The Welsh Liberal Democrats have long argued that living costs are the biggest barrier to people studying at university. That is why, in government, Kirsty Williams has introduced a new package that ensures students receive the equivalent of the National Living Wage in grants and loans while they study.
The impact of this important reform is evidenced by the BBC, who report today that early figures from the Student Loans Company show a 35% rise in the number of students given financial support to study part-time this year. That increase reverses the trend over the last ten years of 45% drop in part-time undergraduates in Wales.
We all know who that the Liberal Democrats record on Tuition Fees As part of the coalition agreement the Lib Dems abandoned their pledge to oppose any increase in tuition fees but gained permission to abstain on any vote relating to the increase of tuition fees.
Following devolution in 1999, the newly devolved governments in Scotland and Wales brought in their own acts on tuition fees. The Scottish Parliament established, and later abolished a graduate endowment to replace the fees. Wales introduced maintenance grants of up to £1,500 in 2002, a value which has since risen to over £5000.
In England, tuition fee caps rose with the Higher Education Act 2004. Under the Act, universities in England could begin to charge variable fees of up to £3,000 a year for students enrolling on courses as from the academic year of 2006–07 or later. This was also introduced in Northern Ireland in 2006–07 and introduced in Wales in 2007–08. In 2009–10 the cap rose to £3,225 a year to take account of inflation.[ Following the Browne Review in 2010, the cap was controversially raised to £9,000 a year, sparking large student protests in London.Scotland
Tuition is handled by the Student Awards Agency Scotland (SAAS), which does not charge fees to what it defines as "Young Students". Young Students are defined as those under 25, without children, marriage, civil partnership or cohabiting partner, who have not been outside of full-time education for more than three years. Fees exist for those outside the young student definition, typically from £1,200 to £1,800 for undergraduate courses, dependent on year of application and type of qualification. Postgraduate fees can be up to £3,400.

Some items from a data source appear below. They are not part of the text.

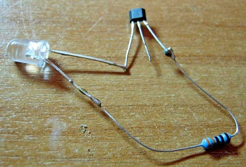 Для замера сопротивления потребуется резистор (1 кОм), диодная лампочка и провода. К ножке лампочки припаивается резистор, а к нему подсоединяется провод. Второй провод фиксируется на второй ножке лампочки.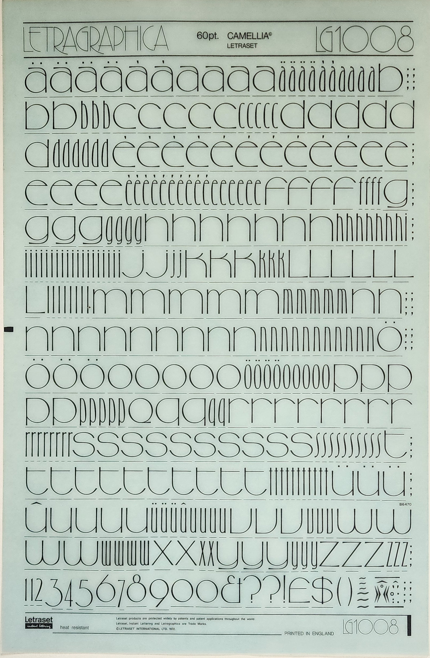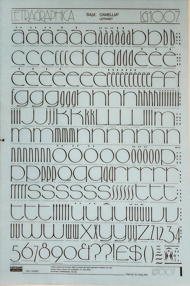 Designer Dave Field of Smart Art chose all-caps Motter Ombra for the cover. On the back, he added a second Letraset release: the track names are composed from Camellia, issued in 1972 in their Letragraphica range. Tony Wenman’s lowercase-only design offers wide and narrow forms for all letters.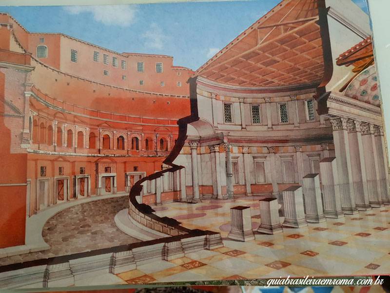 A obra “faraônica” de Traiano para comemorar a vitória sobre a Dácia era composta por um Fórum, uma basílica e o grande hemiciclo denominado “Mercado Traiano‘, num total de 275.000 m².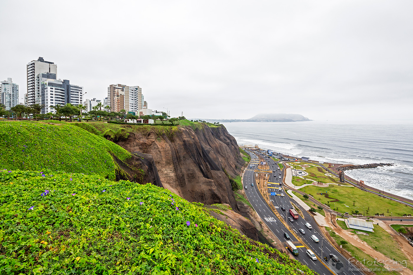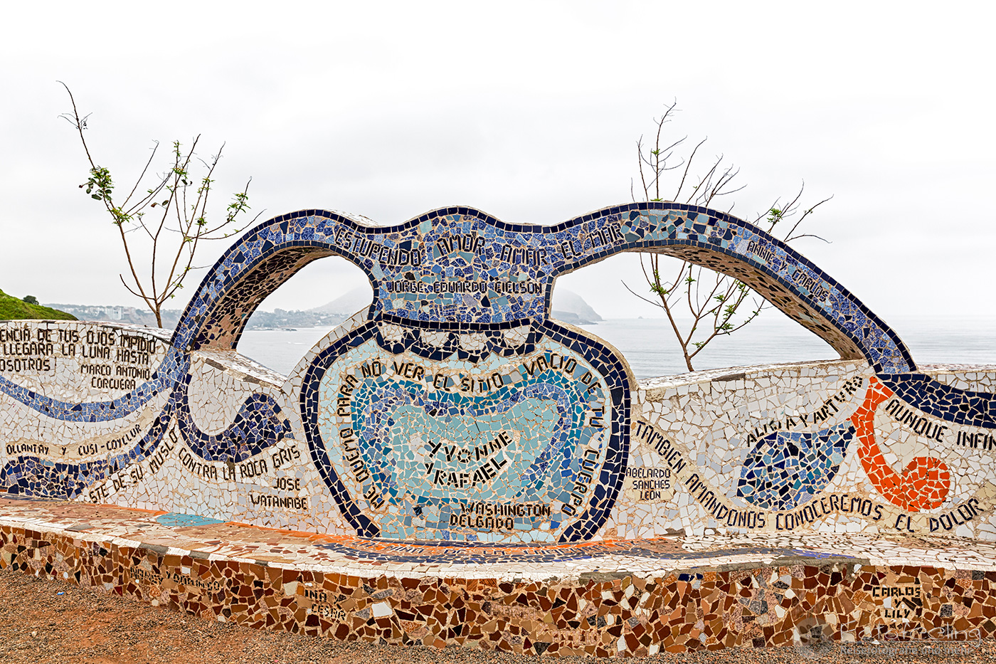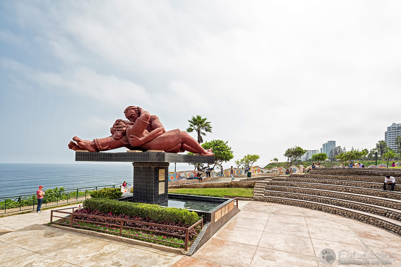 Nach einer gut durchschlafenen Nacht saßen wir am Morgen um 6.00 Uhr beim Frühstück. Es war sehr kühl und heftiger Küstennebel ließ uns gerade noch so die Umrisse der Nachbarhäuser erkennen. Das Buffet war gut und der Kaffee super. Besonders die kleinen Semmeln schmeckten klasse und die frischen Fruchtsäfte waren sehr gut. So konnte der Tag beginnen und gut gestärkt wanderten wir zum Miraflores Boardwalk an die Küste vor. An der Steilküste reiht sich ein Park an den anderen, so kann man einige Kilometer durch schöne Parkanlagen wandern oder auch joggen. Immer wieder gibt es Fitnessgeräte und etliche sportliche Südamerikaner kamen uns walkend und joggend entgegen. Gepflegter Rasen, Blumen, Palmen und andere grüne Bäume bestimmen hier das Bild. Fleißige Parkmitarbeiter halten die Anlagen sauber und kümmern sich um den Müll und die Pflanzen. Alles ist sehr sauber und ordentlich. Besonders gut gefiel uns der Parque del Amor (Park der Liebenden) mit seiner riesigen roten Skulptur eines küssenden Paares mit dem Namen El Peso (Der Kuss) von Victor Delfin, die von einer gewellten Mauer mit Trencadis-Mosaik, in die Sitzplätze eingearbeitet sind, umrahmt wird. Überall stehen schöne Sprüche, wie z.B. „Liebe ist das Licht des Lebens”.

The system has been in place since 2007 when graduate endowments were abolished. Labour's education spokesperson Rhona Brankin criticised the Scottish system for failing to address student poverty. Scotland has fewer disadvantaged students than England, Wales or Northern Ireland and disadvantaged students receive around £560 a year less in financial support than their counterparts in England do.

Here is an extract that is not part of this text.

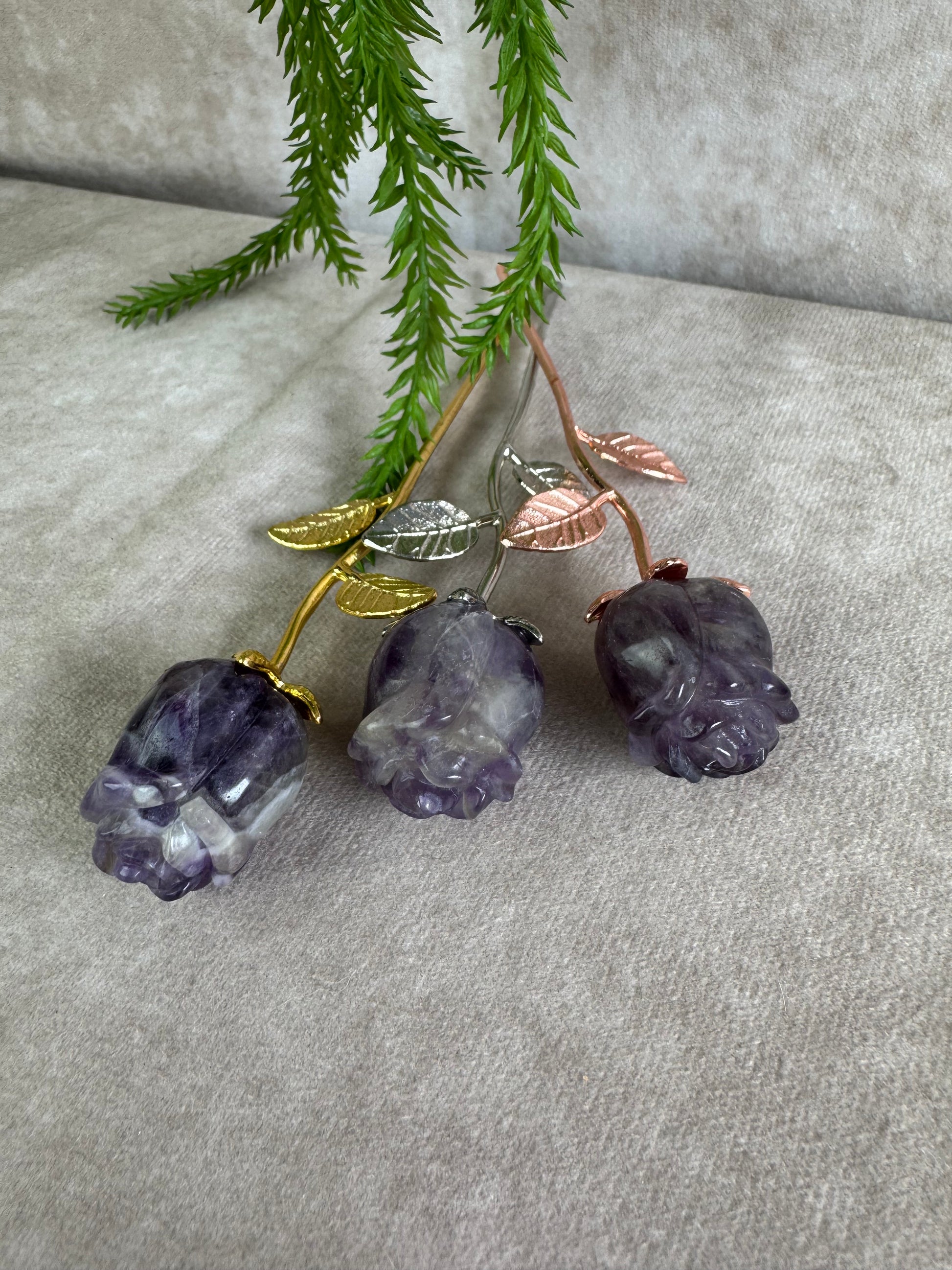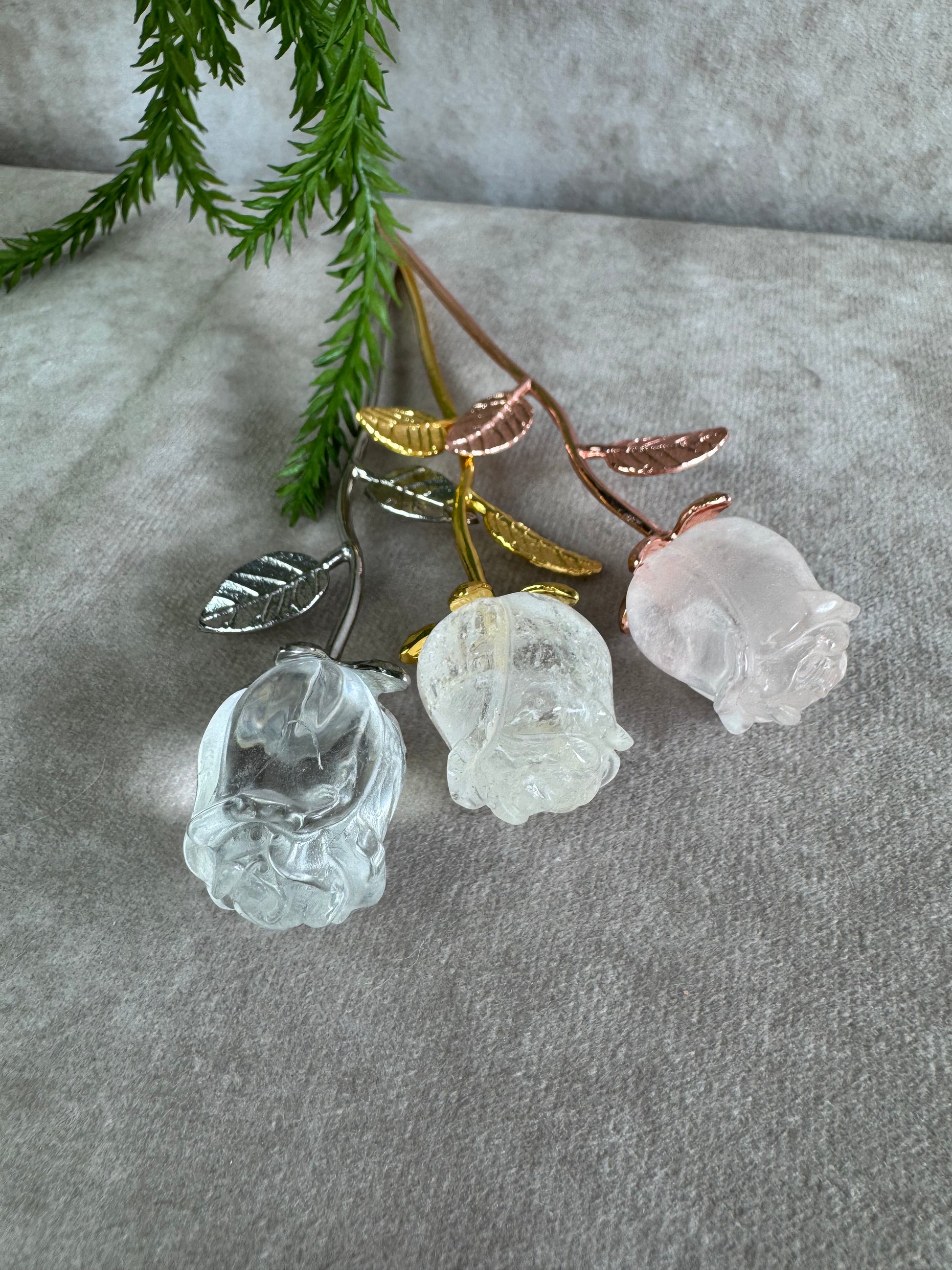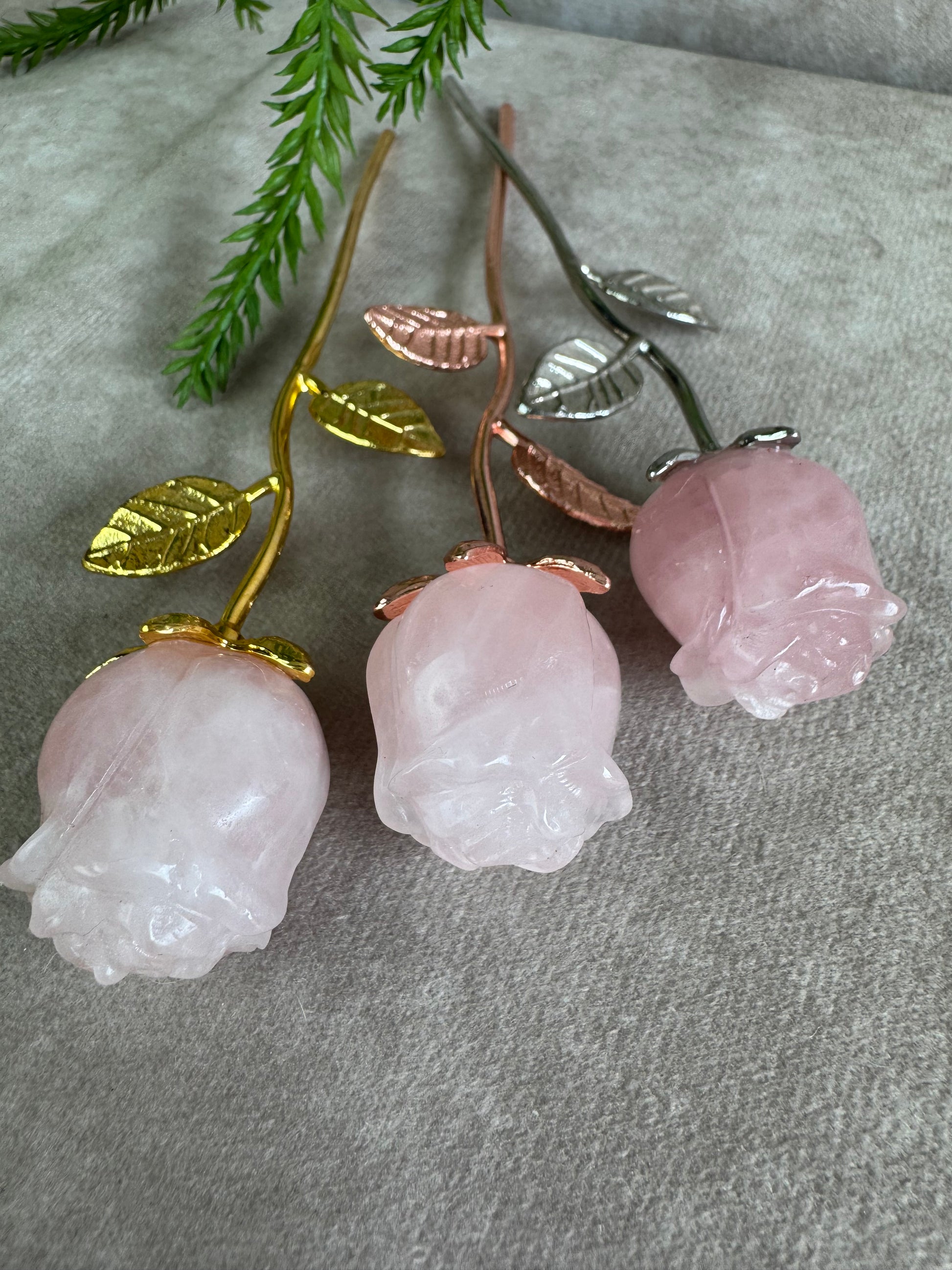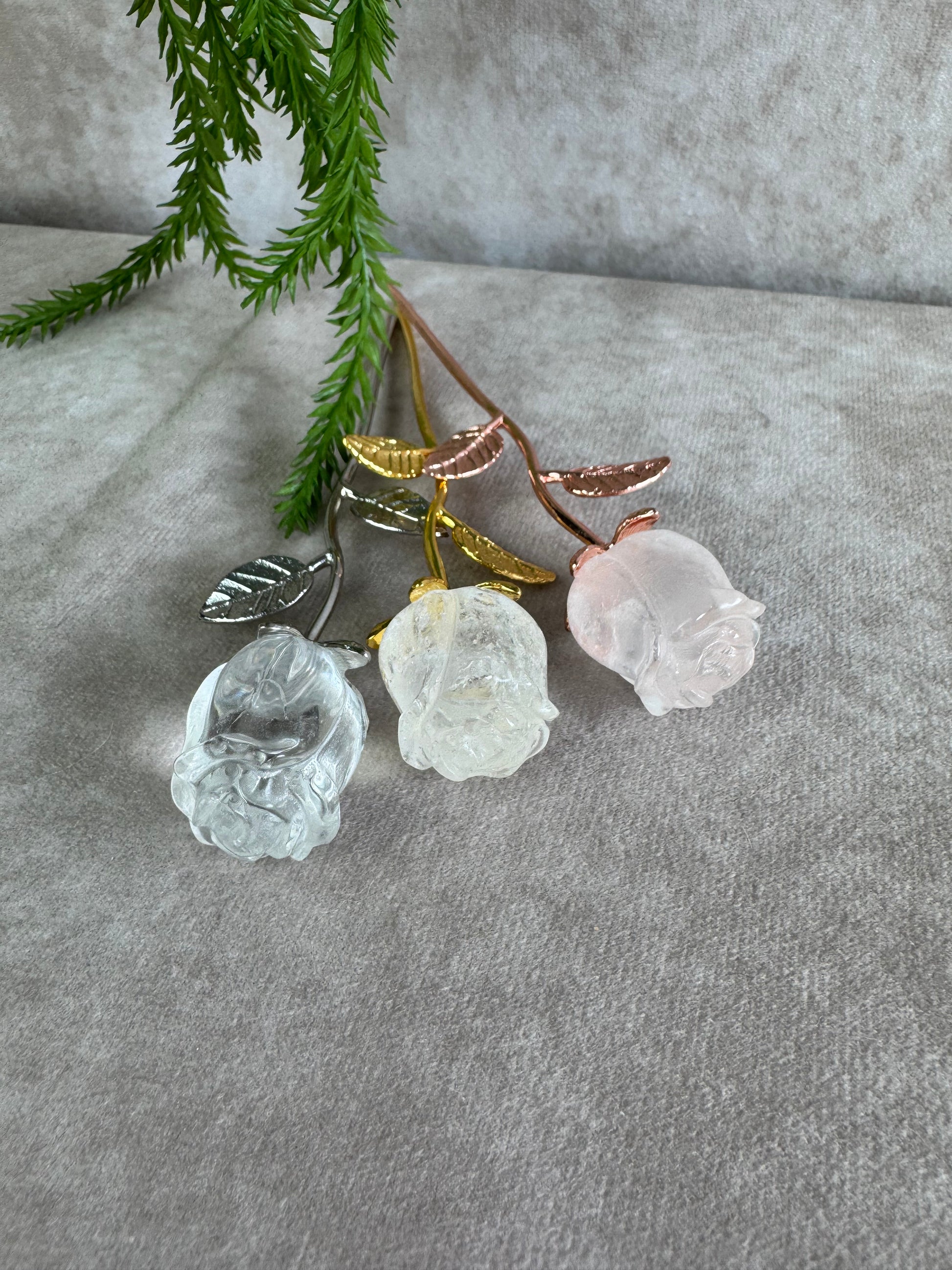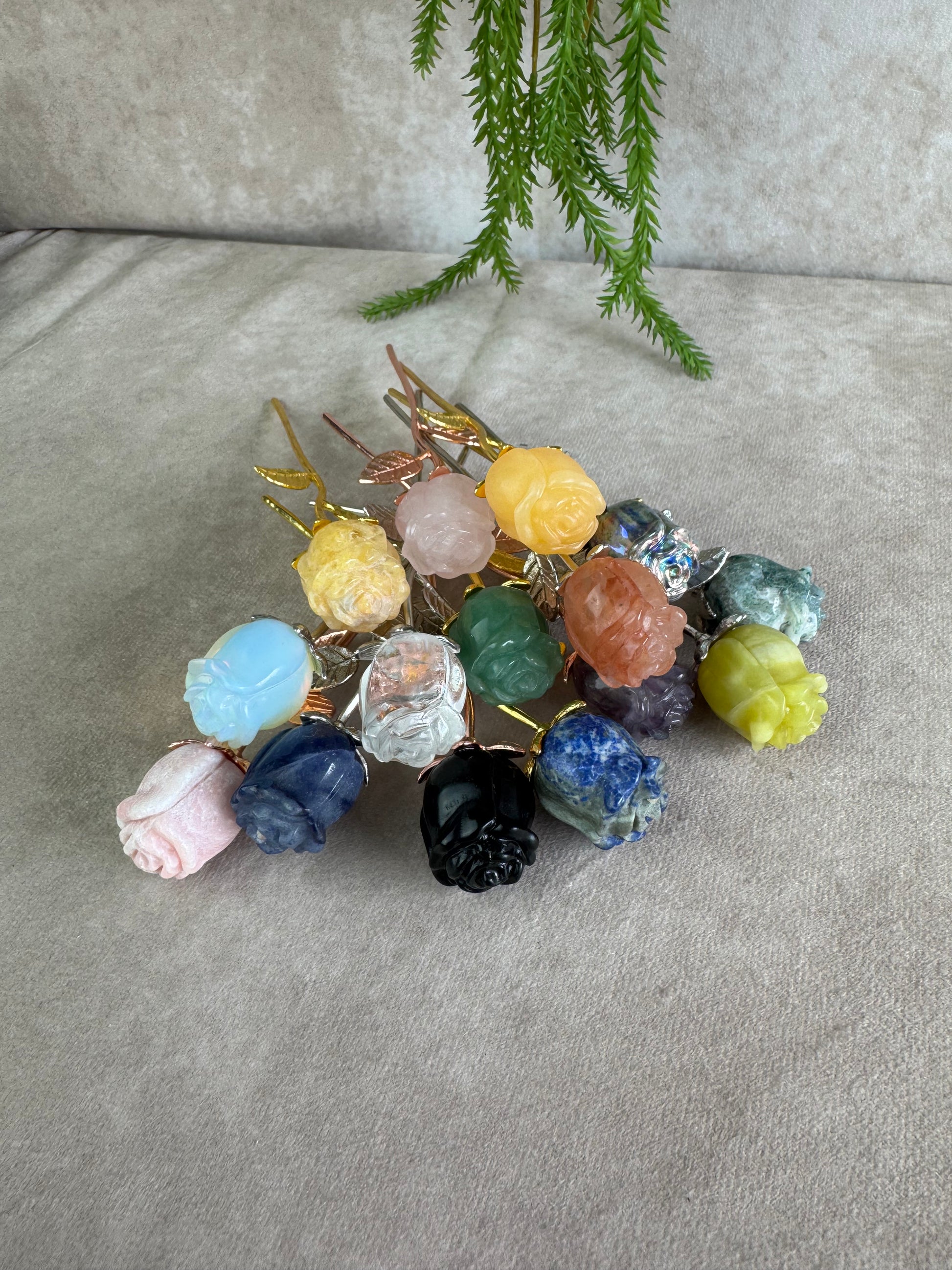 Deze prachtige edelstenen roosjes combineren de symboliek van de roos met de kracht van kristallen. Elke roos is met zorg geslepen uit een echte edelsteen en bevestigd op een verfijnde metalen steel in jouw keuze: goud, roségoud of zilver. Het resultaat is een tijdloos, elegant en energetisch waardevol decoratiestuk.

Like their English counterparts, Welsh universities are able to charge up to £9,250 a year in tuition fees. However, Welsh students can apply for fee grants of up to £5,190, in addition to a £3,810 loan to cover these costs. This system also applies to Welsh students who study elsewhere in the United Kingdom.

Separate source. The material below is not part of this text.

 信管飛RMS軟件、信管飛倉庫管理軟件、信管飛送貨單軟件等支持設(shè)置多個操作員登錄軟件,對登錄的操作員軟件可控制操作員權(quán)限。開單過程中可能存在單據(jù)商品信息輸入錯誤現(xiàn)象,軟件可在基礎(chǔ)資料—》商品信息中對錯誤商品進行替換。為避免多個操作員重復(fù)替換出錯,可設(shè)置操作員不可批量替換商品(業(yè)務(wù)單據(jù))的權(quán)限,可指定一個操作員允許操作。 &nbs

If Peter Black spin is correct then it is most welcome though the reality may be somewhat different, but maybe their sole Liberal Democrat in the Welsh Assembly and a minister in not a coalition Labour Government actually deserves some credit in what has been a rather lacklustre performance from the former La Pasionaria that is Kirsty Williams.
But as the Lib Dems continue with a revival we can expect the likes pf Peter Black to claim that they are transforming Wales through their sole minister.
Personally I think we should take every claim they make with a pinch of salt.